| What is required |
Pictures must not appear in the copy. Set down exactly the line with "Met de dimbare" and each line after it through the end of the data below.

| Information provided |

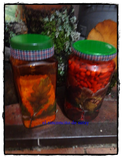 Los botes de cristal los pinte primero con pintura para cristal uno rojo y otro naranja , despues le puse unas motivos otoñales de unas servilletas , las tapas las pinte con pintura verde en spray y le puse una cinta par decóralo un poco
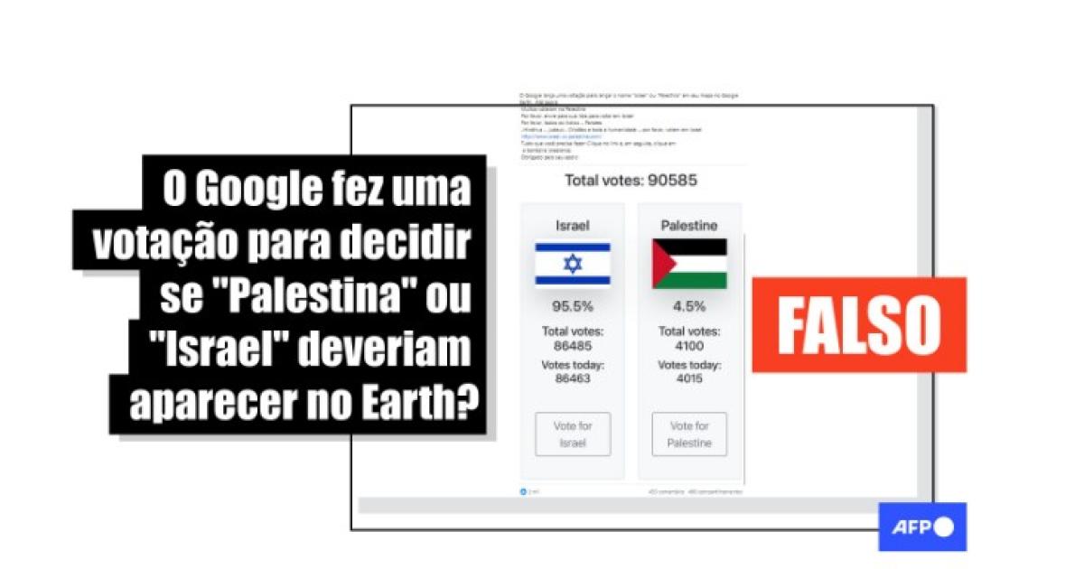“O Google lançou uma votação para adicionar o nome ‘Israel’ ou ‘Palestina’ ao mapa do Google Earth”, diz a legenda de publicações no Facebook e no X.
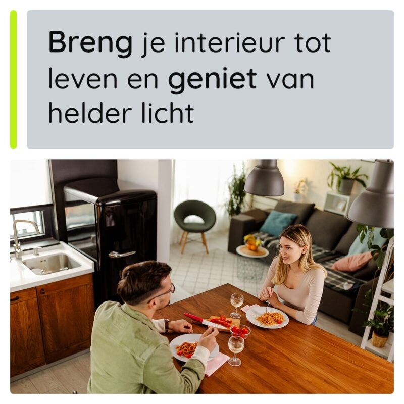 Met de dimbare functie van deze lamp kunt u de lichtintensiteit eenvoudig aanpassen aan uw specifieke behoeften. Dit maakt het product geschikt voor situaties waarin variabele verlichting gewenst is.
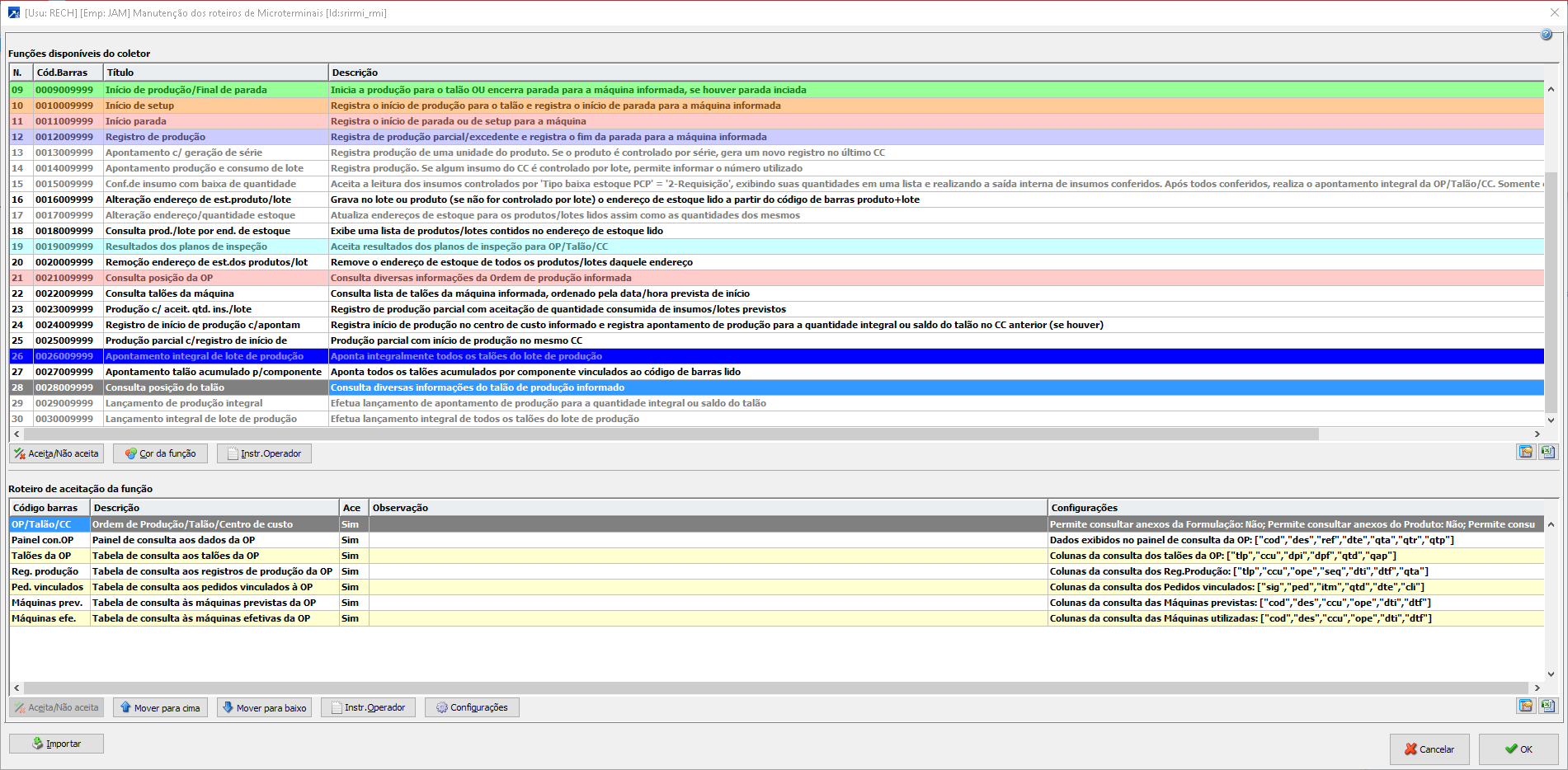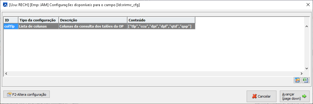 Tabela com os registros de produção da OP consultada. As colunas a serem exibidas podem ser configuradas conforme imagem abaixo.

| Output of the exercise |
 Met de dimbare functie van deze lamp kunt u de lichtintensiteit eenvoudig aanpassen aan uw specifieke behoeften. Dit maakt het product geschikt voor situaties waarin variabele verlichting gewenst is.
 Tabela com os registros de produção da OP consultada. As colunas a serem exibidas podem ser configuradas conforme imagem abaixo.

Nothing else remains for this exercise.